The SQ7 has a more aggressive look than the standard Q7. The S-specific bumper has larger air intakes, and standard 21-inch wheels give this thing some great curb appeal — as do the quad exhaust tips. Those who want a broody look can opt for the Black Optic package to add a darker vibe to the grille, mirror housings, door blades, window surrounds, bumper details and roof rails.
The heart of the SQ7 is a twin-turbocharged 4.0-liter V8 that growls to life on startup. This is the same engine used in the aggro RS Q8, but it’s detuned here to “only” produce 500 horsepower and 568 pound-feet of torque. All that grunt gets down to all four wheels through an eight-speed automatic transmission.
Audi equips the SQ7 with an adaptive air suspension and rear-axle steering, and an optional torque-vectoring rear differential really helps this 5,291-pound SUV hustle. On the road, the SQ7 hunkers down and handles like a boss, feeling like a much smaller, more nimble car. Audi’s active roll stabilization tech helps here, too, as do grippy summer tires. My only complaint is that the steering feel is really light — a common trait across all new Audis.

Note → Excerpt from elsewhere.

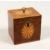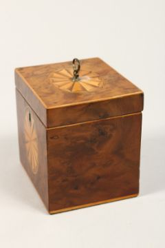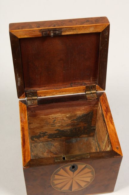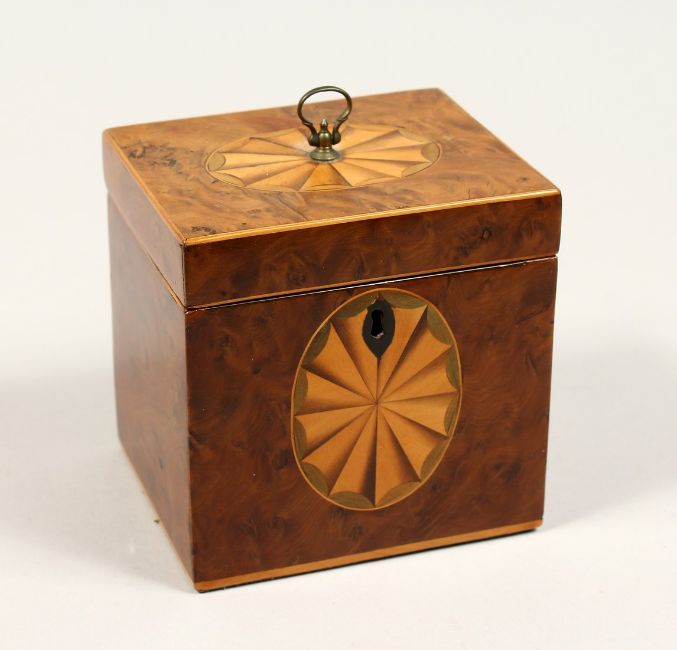 A SMALL GEORGE III SQUARE TEA CADDY with satinwood fan inlay.

As for straight-line speed, Audi says the SQ7 can scoot to 60 mph in 4.3 seconds, and freeway merging is a breeze thanks to tons of low-end power. Of course, fuel economy takes a hit here, but it’s pretty much on par when compared to other performance SUVs. The SQ7 is rated at 15 mpg city, 21 mpg highway and 17 mpg combined, and during a week of testing, I see 19.3 mpg.
The SQ7 offers three rows of seats, but the way-back should be reserved for children only. I contorted my 5-foot, 9-inch frame back there and trust me, it’s not a place for adults. Fold the third row flat, however, and there’s lots of cargo space — 35.7 cubic feet, to be exact. That’s more than you get in rivals such as the BMW X5, Mercedes-Benz GLE-Class and Genesis GV80.
The interior is full of soft-touch materials and leather upholstery, done up in red in my test car. All the luxury features you could ever want are here, too, including heated, ventilated, massaging front seats, as well as heated rear seats, LED ambient lighting and power soft-close doors.
Audi’s Virtual Cockpit digital gauge cluster runs on a 12.3-inch display and it’s one of the best systems in the business, especially thanks to Google satellite view maps. The rest of Audi’s infotainment system lives on two stacked screens on the center console. The upper 10.1-inch display is used for functions like navigation and media, while the lower 8.6-inch screen runs the climate control and other functions. Wireless Android Auto and Apple CarPlay are included, too.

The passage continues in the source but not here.